OK, will correct. You can tell I'm new to Python as well as to Mercurial :)

--
Bill Gallafent.

Mads Kiilerich

unread,

Oct 27, 2011, 7:46:12 PM10/27/11

to Matt Mackall, mercuri...@selenic.com

(Discussing patch for http://mercurial.selenic.com/bts/issue3075 )

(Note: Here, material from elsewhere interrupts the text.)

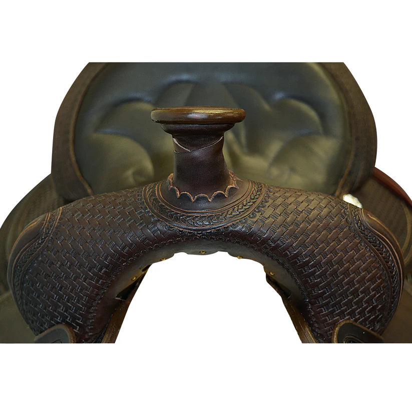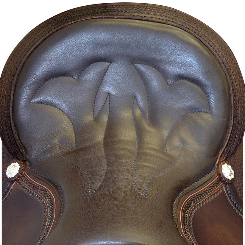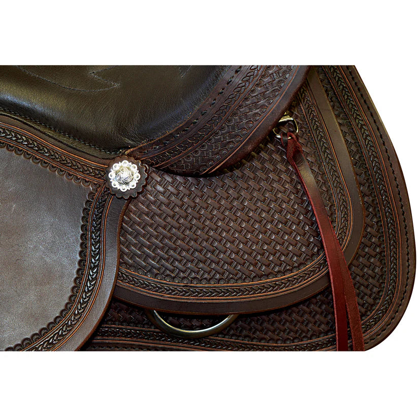Built with American Steer hides, Stainless Steel Dees, In-skirt riggings, Contoured Skirt, turned fenders, Basket weave with rope border tooling, hand stitched cantle, berry conchos and a host of other great features make this highly desirable for today’s discerning Trail Rider. This saddle is available in Mahogany color. The double padded and stitched Top Grain leather seat, polished leather edging, and saddle strings give this saddle a very good, finished appearance.

Matt Mackall wrote, On 10/27/2011 06:09 PM:
> But we've also got the patchbomb extension, which will have the same
> issue.

Really? patchbomb uses mail.mimetextpatch which 3e544c074459 changed to
handle odd patches correctly:

>>> import mercurial.mail
>>> print mercurial.mail.mimetextpatch('a\nb')
From nobody Fri Oct 28 01:19:21 2011
Content-Type: text/plain; charset="us-ascii"
MIME-Version: 1.0
Content-Transfer-Encoding: 7bit

a
b
>>> print mercurial.mail.mimetextpatch('b\xc3\xb8b')
From nobody Fri Oct 28 01:20:10 2011
Content-Type: text/plain; charset="utf-8"
MIME-Version: 1.0
Content-Transfer-Encoding: base64

YsO4Yg==

>>> print mercurial.mail.mimetextpatch('x'*951)
From nobody Fri Oct 28 01:20:44 2011
Content-Type: text/plain; charset="us-ascii"
MIME-Version: 1.0
Content-Transfer-Encoding: quoted-printable

xxxxxxxxxxxxxxxxxxxxxxxxxxxxxxxxxxxxxxxxxxxxxxxxxxxxxxxxxxxxxxxxxxxxxxxxxxx=
xxxxxxxxxxxxxxxxxxxxxxxxxxxxxxxxxxxxxxxxxxxxxxxxxxxxxxxxxxxxxxxxxxxxxxxxxxx=
xxxxxxxxxxxxxxxxxxxxxxxxxxxxxxxxxxxxxxxxxxxxxxxxxxxxxxxxxxxxxxxxxxxxxxxxxxx=
xxxxxxxxxxxxxxxxxxxxxxxxxxxxxxxxxxxxxxxxxxxxxxxxxxxxxxxxxxxxxxxxxxxxxxxxxxx=
xxxxxxxxxxxxxxxxxxxxxxxxxxxxxxxxxxxxxxxxxxxxxxxxxxxxxxxxxxxxxxxxxxxxxxxxxxx=
xxxxxxxxxxxxxxxxxxxxxxxxxxxxxxxxxxxxxxxxxxxxxxxxxxxxxxxxxxxxxxxxxxxxxxxxxxx=
xxxxxxxxxxxxxxxxxxxxxxxxxxxxxxxxxxxxxxxxxxxxxxxxxxxxxxxxxxxxxxxxxxxxxxxxxxx=
xxxxxxxxxxxxxxxxxxxxxxxxxxxxxxxxxxxxxxxxxxxxxxxxxxxxxxxxxxxxxxxxxxxxxxxxxxx=
xxxxxxxxxxxxxxxxxxxxxxxxxxxxxxxxxxxxxxxxxxxxxxxxxxxxxxxxxxxxxxxxxxxxxxxxxxx=
xxxxxxxxxxxxxxxxxxxxxxxxxxxxxxxxxxxxxxxxxxxxxxxxxxxxxxxxxxxxxxxxxxxxxxxxxxx=
xxxxxxxxxxxxxxxxxxxxxxxxxxxxxxxxxxxxxxxxxxxxxxxxxxxxxxxxxxxxxxxxxxxxxxxxxxx=
xxxxxxxxxxxxxxxxxxxxxxxxxxxxxxxxxxxxxxxxxxxxxxxxxxxxxxxxxxxxxxxxxxxxxxxxxxx=
xxxxxxxxxxxxxxxxxxxxxxxxxxxxxxxxxxxxxxxxxxxxxxxxxxx

AFAICS everything would be fine if notify did like patchbomb.

This is also why http://mercurial.selenic.com/bts/issue2414 IMHO never
was an issue.

A viable solution to http://mercurial.selenic.com/bts/issue2290 could
perhaps be to also use mime or qp if '[^\n\t\x32-\x7e]' is found.